- Genre: Comedy
- Written by: Rob Hibbert Tony Rogers
- Directed by: Tony Rogers
- Country of origin: Australia
- Original language: English
- No. of seasons: 1
- No. of episodes: 8

Production
- Producer: Jason Byrne
- Running time: ≥ 4 minutes

= How to Talk Australians =

Online miniseries

How to Talk Australians is an eight-part online miniseries released in 2014. The series looks at Australian culture and language through the eyes of the teachers and students of the fictional Delhi College of Linguistics.

==Synopsis==
At the Delhi College of Linguistics in India, students of linguistics and aspiring migrants to Australia are taught about elements of Australian culture such as Australian lingo, rhyming slang, grub, local celebrities, how to 'chuck a sickie', and how to pass the citizenship test. The show features a foul-mouthed cockatoo known as Chopper, an impersonation of Pauline Hanson, and a re-enactment of a Ned Kelly hold-up.

==Production==
The series was originally created as a television pilot that was to be pitched to Australian television networks; however, Screen Australia's Multiplatform Drama Production program, aiming to support and increase online storytelling, provided funds for it to be presented as an online series.

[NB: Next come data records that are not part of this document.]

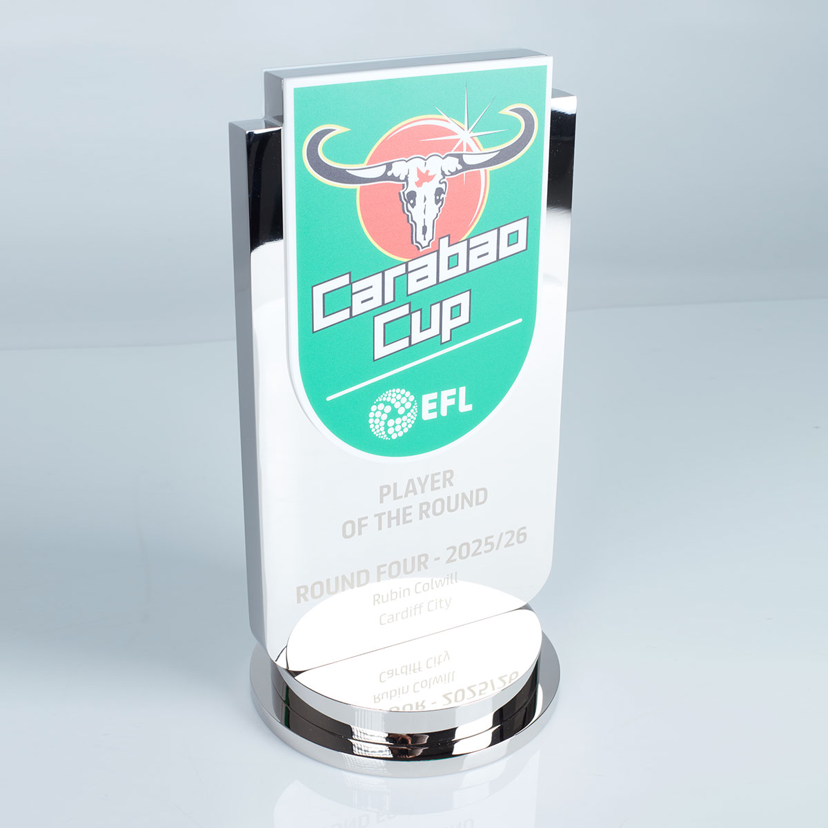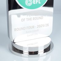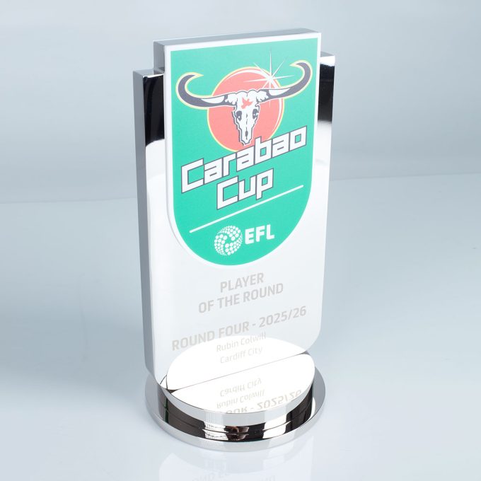 The Carabao Cup Player of the Round Award combines polished nickel-plated aluminium with layered white acrylic panels, creating a clean, high-contrast backdrop for the vibrant, digitally printed club crest. Finished with precision laser-engraved detailing on the metal face and set on a tiered, polished aluminium base, the piece delivers a sleek and contemporary trophy that reflects the prestige of the competition.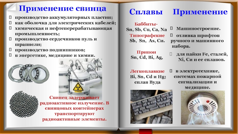 Свинец задерживает радиоактивное излучение. В свинцовых контейнерах транспортируют радиоактивные элементы.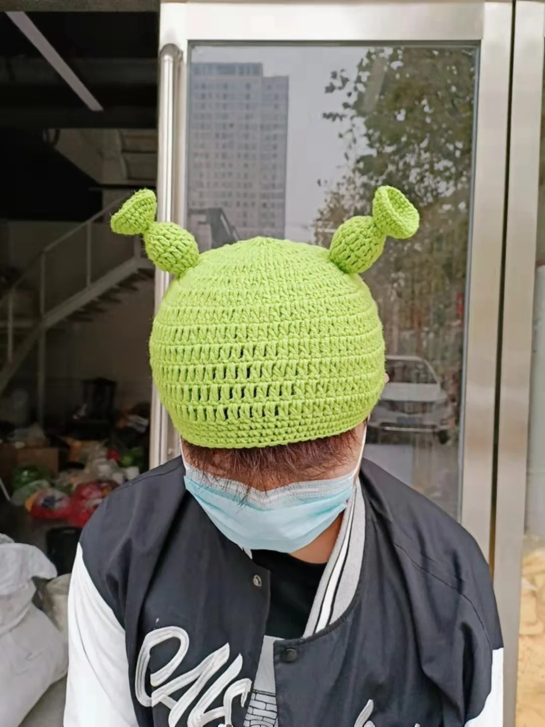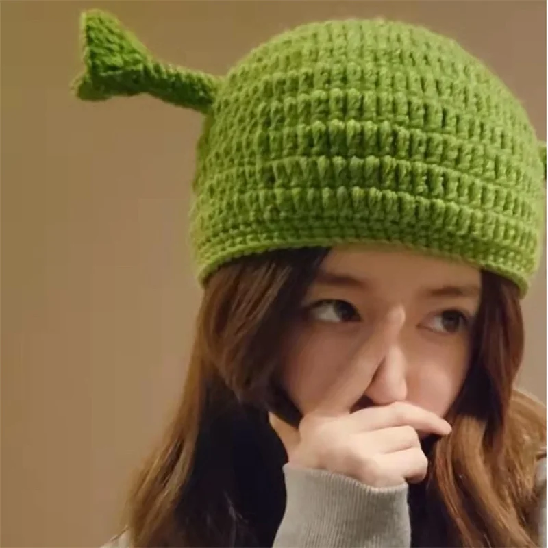 Зеленая Балаклава с ушками, шапка с изображением монстра Шрека, вязаная женская Зимняя шерстяная теплая шапочка ручной работы, шапочки для вечерние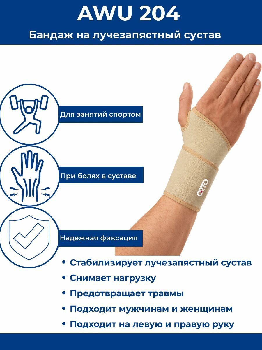 ORTO Бандаж лучезапястный AWU 204, размер универсальный, бежевый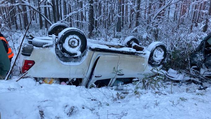 29日午後1時半すぎ、ワンボックスカーとRV車が正面衝突し、それぞれの車が路外に逸脱、RV車は横転しました。付近を走行中の車が119番通報しました。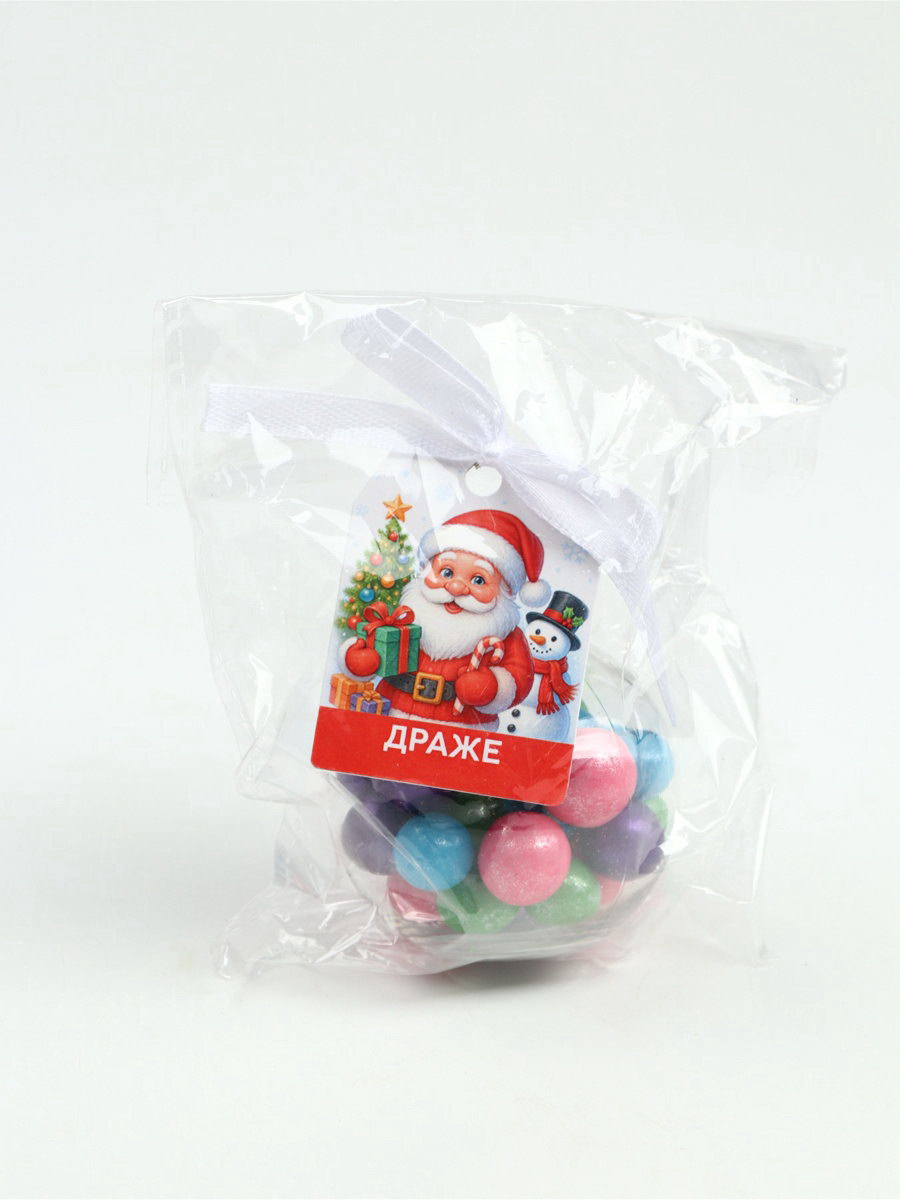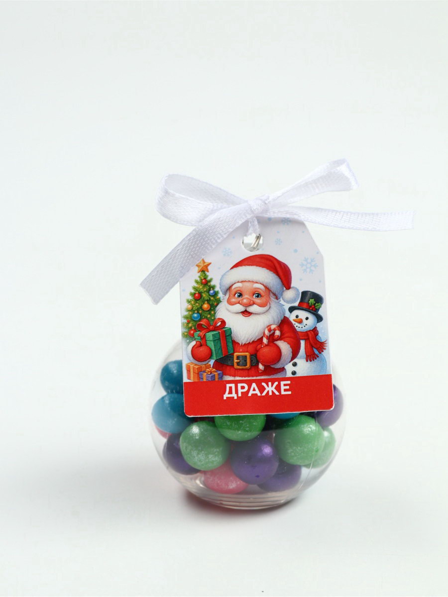 Драже новогоднее в круглой банке с шильдом "Дед Мороз", 35 г, Фабрика счастья, Россия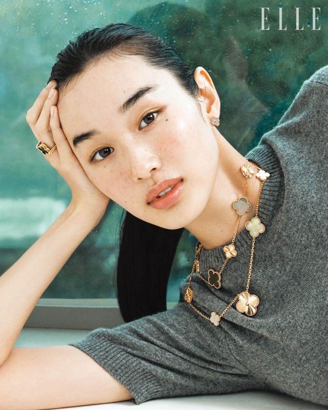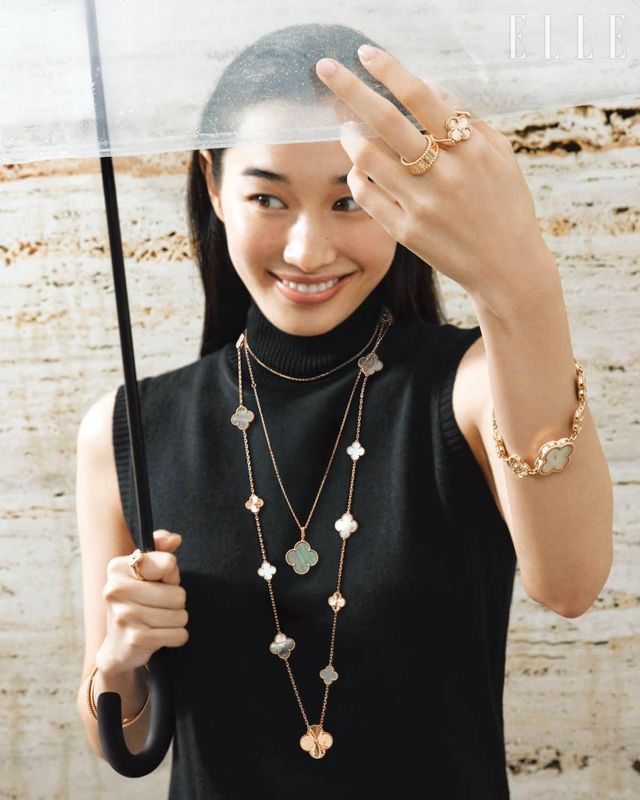 화이트골드와 칼세도니, 마더 오브 펄을 세팅한 매직 알함브라 트랜스포머블 롱 네크리스와 오른손 검지에 착용한 화이트골드와 칼세도니의 빈티지 알함브라 리버서블 링, 약지에 착용한 화이트골드에 다이아몬드를 세팅한 뻬를리 스위트 클로버 링, 스위트 알함브라 워치, 4-모티브 브레이슬릿으로 연출한 화이트골드 매직 알함브라 트랜스포머블 롱 네크리스, 왼손 검지에 착용한 화이트골드와, 마더 오브 펄, 다이아몬드 세팅한 빈티지 알함브라 링, 반클리프 아펠 로고 인그레이빙이 돋보이는 화이트골드 뻬를리 시그니처 브레이슬릿은 모두 Van Cleef & Arpels. 블랙 미니드레스는 Cos.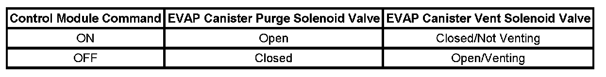 The control module tests the evaporative emission (EVAP) system for a large leak. The control module monitors the fuel tank pressure (FTP) sensor signal to determine the EVAP system vacuum level. When the conditions for running are met, the control module commands the EVAP canister purge solenoid valve OPEN and the EVAP vent solenoid valve CLOSED. This allows engine vacuum to enter the EVAP system. At a calibrated time, or vacuum level, the control module commands the EVAP canister purge solenoid valve closed, sealing the system, and monitors the FTP sensor input in order to determine the EVAP system vacuum level. The table illustrates the relationship between the ON and OFF states, and the OPEN or CLOSED states of the EVAP canister purge and vent solenoid valves.

When asked why the concept for the show was chosen, producer Jason Byrne stated:

We chose it because it resonated with us as a commentary on Australian culture. A look at cultural clash and interpretation. How nations see one another in a heightened realism. Realism is often funnier than fiction and fantasy. It allows Australians to look at themselves through a different set of glasses, and those glasses are a call-back centre in India.
— Jason Byrne, Sydney Morning Herald.

==Episodes==

| No. | Title |
|---|---|
| 1 | "G'day Knackers" |
| 2 | "Grub" |
| 3 | "Rhyming Slang" |
| 4 | "Famous Australians" |
| 5 | "Nicknames - Hello Chopper" |
| 6 | "The Slackarse Country" |
| 7 | "Dunny Budgies & Budgie Smugglers" |
| 8 | "Citizenship Test" |

==Cast==
- Vishal Kotak
- Jeffrey Dsouza
- Chum Ehelepola
- Vikrant Narain
- Sybil Quadros
- Ananth Gopal
- Kamla Chandar
- Robert Santiago as Professor Dillop
- Paul Denny as Dan Kelly
- Eddie Baroo as Karen's Hubby

==Film adaptation==
A feature film based on the series, titled How to Talk Australians: The Movie, began production on 8 May 2023, and it was released in 2026. Rob Hibbert and Tony Rogers were announced to be returning as writers, with Rogers as director. The film will feature the original cast alongside new characters played by Australian actors Shane Jacobson, Dave Lawson, Stephen Curry, and Richard Davies, among others. It will be distributed by Umbrella Entertainment in Australia and New Zealand.

The film follows a group of students and teachers from the fictional Delhi College of Linguistics on a trip to Australia as their plane is diverted to the country town of Dubbo.